Days before the convention, Stein accused the DNC of sabotaging Democratic presidential candidate Bernie Sanders' campaign:

Prior to the RNC, where the second highest spike occurred, Stein referred to herself as the "plan B for Bernie Sanders" in an interview with NPR, which may have contributed to her overtaking Johnson.

The last month's conversation level pales in comparison to Trump and Clinton. From July 10 to Aug. 9, 49.4 million people were discussing Trump on Facebook and generating 640.1 million interactions. For Clinton, it was 40.9 million people generated 452.5 million interactions.

Overall, more than 100 million people in the U.S. have discussed the presidential election on Facebook. The social network has 205 million users in the U.S. so that translates to about half of their audience.

The data Facebook by provided does not include sentiment from users.

But the trajectory upwards in conversation for third-party candidates aligns with rising interest in the polls for Johnson. He reached 10 percent in an average of the ABC News/Washington Post, CBS News/New York Times, CNN, Fox News and NBC News/Wall Street Journal polls.
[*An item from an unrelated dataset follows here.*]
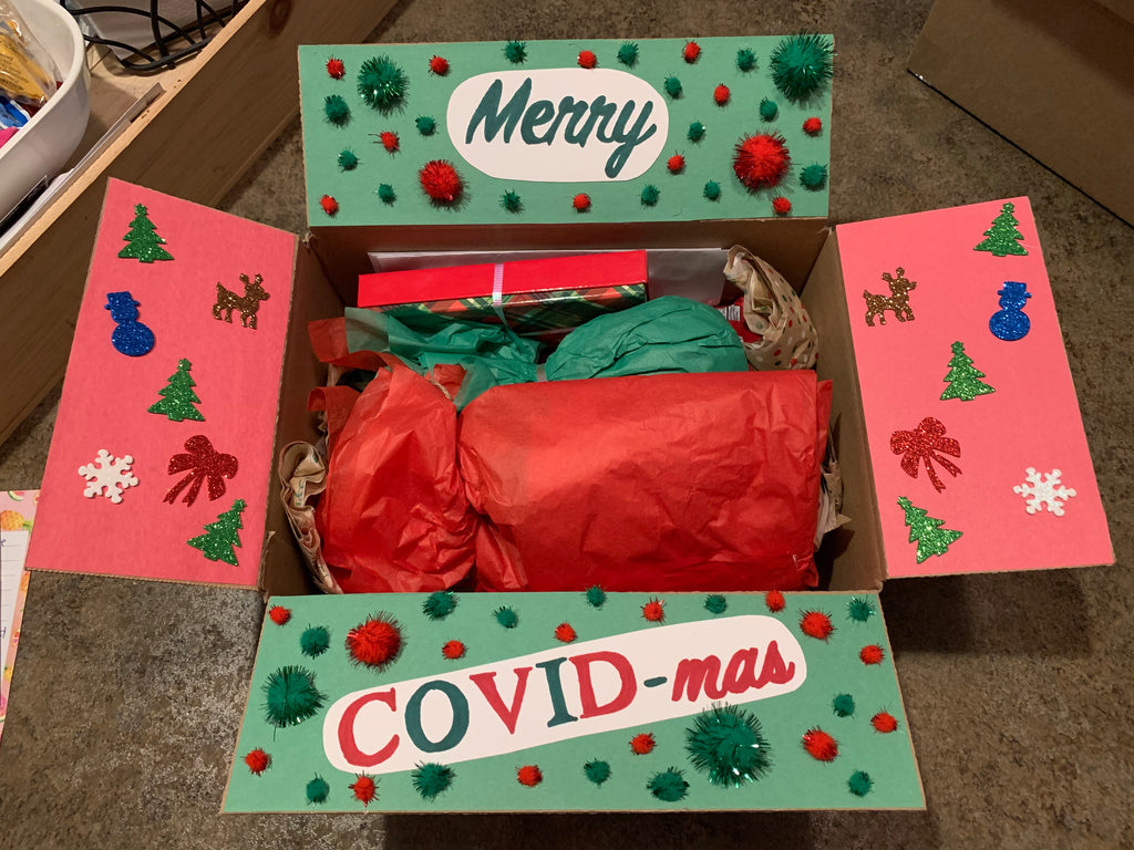 What better way to celebrate this unpredictable year than to add a touch of COVID to your gifts home. It's the whole reason you're stuck states away anyway, right? Same process as the previous box, but she did go ahead and use hot glue for the pom poms. These did make the box a little more difficult to close and the pom poms may end up arriving a little smushed up.

Breaking the Facebook conversation down state-by-state over the last month, Johnson is leading over Stein in nearly every state except California, DC, New York, Oregon and Vermont.

Image: bob al-greene/mashable

Johnson's dominance in conversation level over Stein is the strongest in Alabama, New Mexico (where he was a Republican governor from 1995 to 2003), Oklahoma and Utah.

Stein, who has stayed below 5 percent in recent polls, will have a chance to pitch her campaign on national TV Wednesday night. The nominee and her running mate Ajamu Baraka will be on CNN for an hour-long town hall.